O surgimento relativamente tardio da imprensa no Brasil não implicou uma atividade exígua;
ao contrário, ao longo do século XIX é quase incontável o número de publicações, cuja principal
característica foi a variabilidade de duração e periodicidade (COHEN, 2012, 121), de forma que a
modernização das técnicas de impressão e ilustração, já no início do século XX, propicia a
multiplicação de títulos publicados com cada vez maior número de páginas e ilustrações, inclusive
em cores, cujas tiragens aumentavam na mesma medida em que o crescimento da malha ferroviária
permitia o incremento de sua distribuição.
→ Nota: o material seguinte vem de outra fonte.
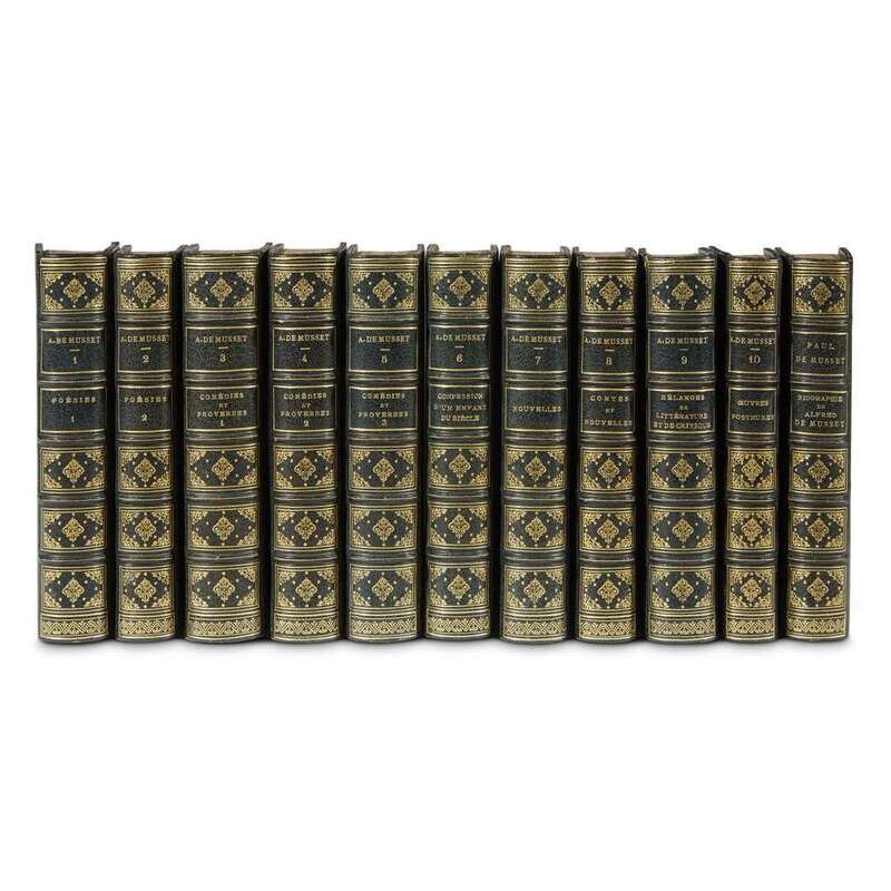 Oeuvres Paris: Alphonse Lemerre, 1876. In ten volumes. Small 8vo. Illustrated throughout with etched plates. All printed on laid paper, all internally clean, ink ownership on front blanks. Bound in full early 20th century navy blue crushed levant with decorative gilt tooling; marbled endpapers; all edges gilt, by Petit & Trioullier. Ex-library with call number in pencil on verso of first free leaf and on title-page in each volume. Musset, Paul de Biographie de Alfred de Musset Paris: Alphonse Lemerre, 1877. Small 8vo. With frontispiece portrait. Printed on laid paper, internally clean, ink ownership on front blank. Bound in full early 20th century navy blue crushed levant with decorative gilt tooling; marbled endpapers; all edges gilt, by Petit & Trioullier. Ex-library with call number in pencil on verso of first free leaf and on title-page.

Atendendo principalmente a demandas comerciais, mas
também à iniciativa de dar visibilidade a determinados atores sociais, a diversificação e especialização
do mercado editorial teve como desdobramento a diferenciação entre jornais e revistas, cabendo à
revista
a especificidade de temas, a intenção de aprofundamento e a oferta de lazer tendo em vista
os diferentes segmentos sociais: religiosas, esportivas, agrícolas, femininas, infantis,
literárias ou acadêmicas, essas publicações atendiam a interesses diversos, não apenas como
mercadorias, mas ainda como veículos de divulgação de valores, ideias e interesses (COHEN,
2012, 123)
Logo, a especialização emerge num contexto em que a imprensa periódica se consolidava
como vetor privilegiado de uma lógica da configuração capitalista, ao oferecer produtos atrativos
que veiculavam ao mercado leitor as infinitas possibilidades de consumo no mundo moderno
(COHEN, 2012, 125). No segmento editorial dedicado à arquitetura, as primeiras décadas do século
XX testemunharam o surgimento de oito publicações: Architectura no Brasil em 1921, A
Construccção em São Paulo em 1923, A Casa em 1923, Architectura e Construcções em 1929,
Revista de Arquitetura em 1934, Arquitetura e Urbanismo em 1936, Urbanismo e Viação em 1938 e
Acrópole em 1938 (NERY, 2014, 3). Essas revistas tiveram papel de grande importância no processo
de consolidação das práticas em arquitetura e urbanismo no Brasil, uma vez que atuaram como arenas
de negociação de regulamentações técnicas, disputas entre tecnologias e linguagens estilísticas, e
espaço multivocal de suas práticas sociais num período de intensas transformações no campo da
arquitetura.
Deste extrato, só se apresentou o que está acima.